Give back all of the data exactly as it stands, with the pictures removed.

───── The data

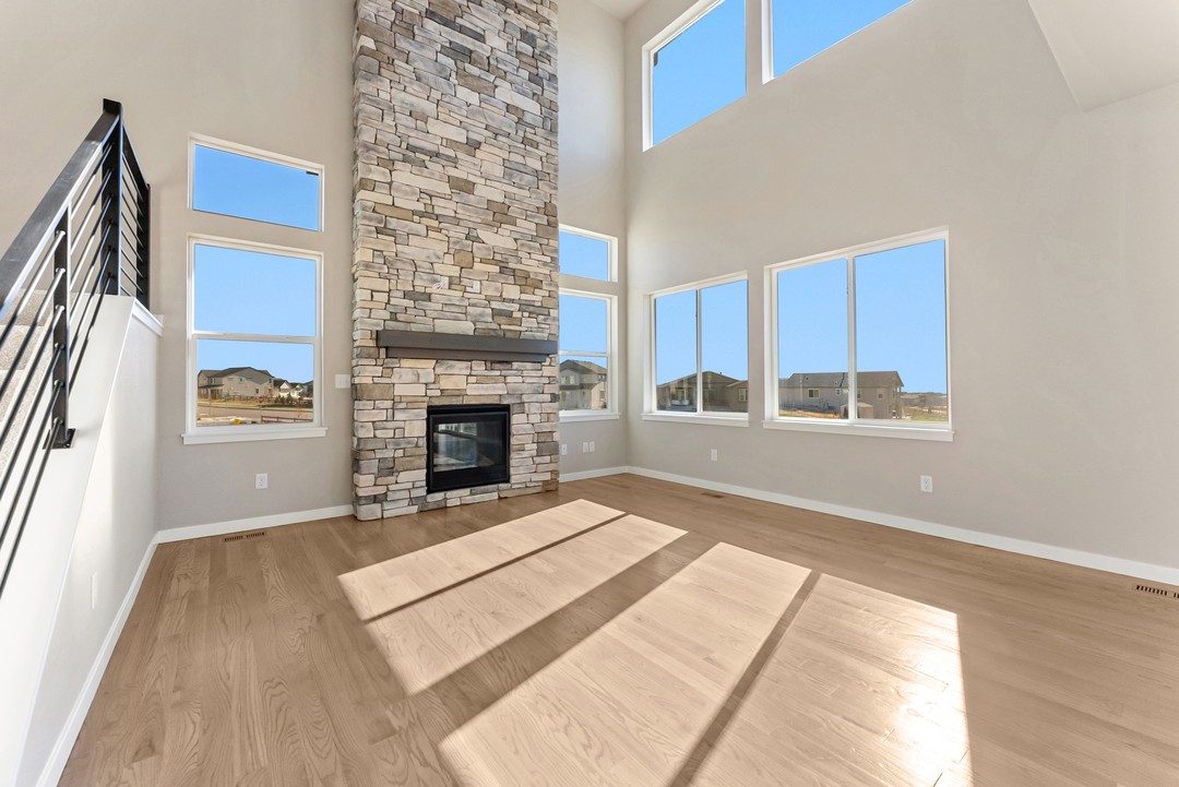 Living room with dramatic two-story ceiling and optional fireplace.
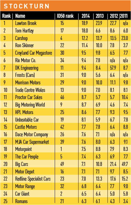 Four of the eight independent dealers whose annual turnover exceeds the £100m mark feature in the top 25 performers for stock turn. Each appears to have a consistent performance too: since 2012, CarShop has turned its stock at least monthly, while Motorpoint, The Car People and Car Giant are consistently shifting stock between 45 and 60 days.
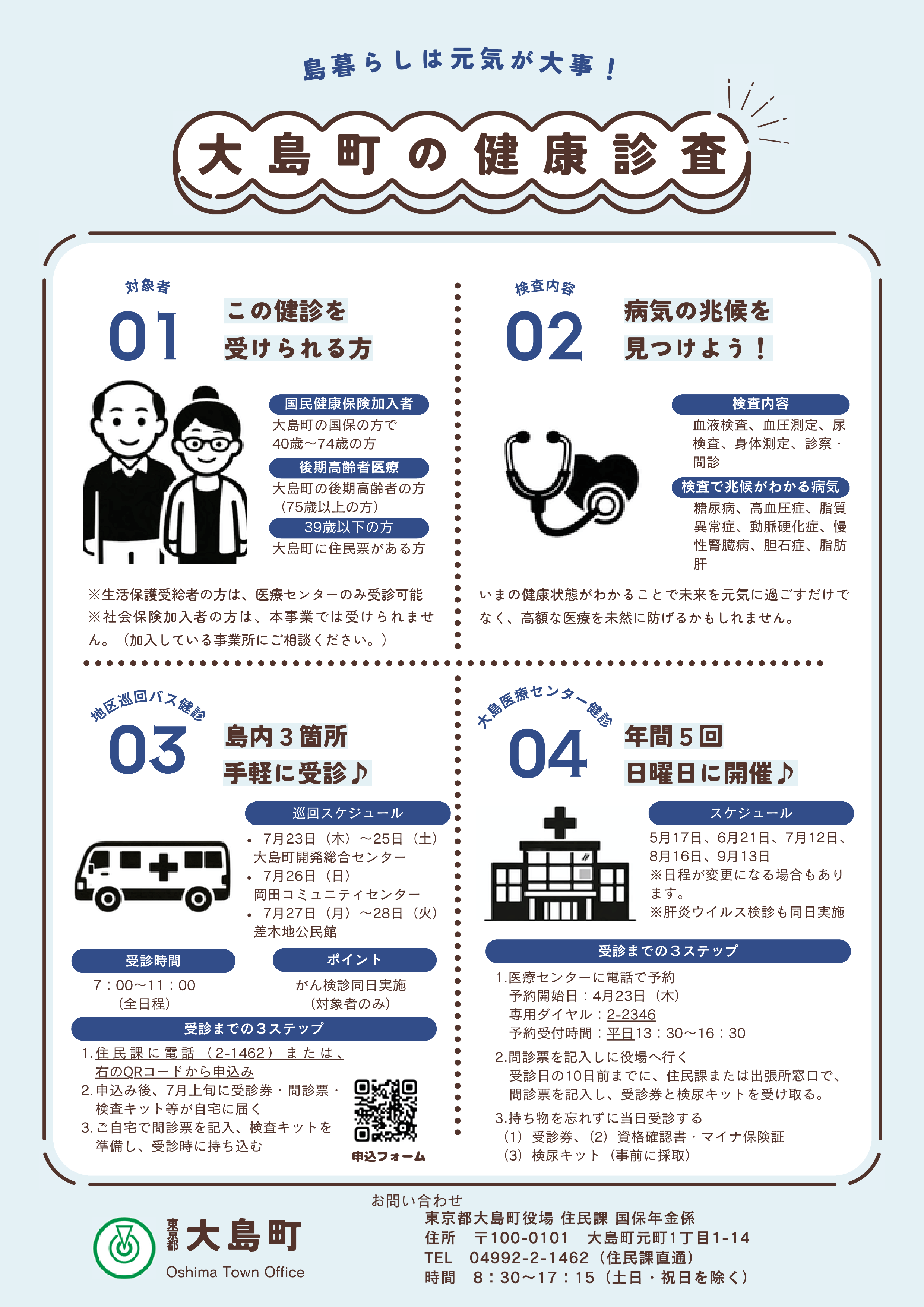 大島医療センターで実施する集団健診と、岡田・差木地・大島町役場の3箇所を巡回する巡回健診を実施いたしますので、この機会に必ず受診してください。

──────────

- _Result of the task_:
 Living room with dramatic two-story ceiling and optional fireplace.
 Four of the eight independent dealers whose annual turnover exceeds the £100m mark feature in the top 25 performers for stock turn. Each appears to have a consistent performance too: since 2012, CarShop has turned its stock at least monthly, while Motorpoint, The Car People and Car Giant are consistently shifting stock between 45 and 60 days.
 大島医療センターで実施する集団健診と、岡田・差木地・大島町役場の3箇所を巡回する巡回健診を実施いたしますので、この機会に必ず受診してください。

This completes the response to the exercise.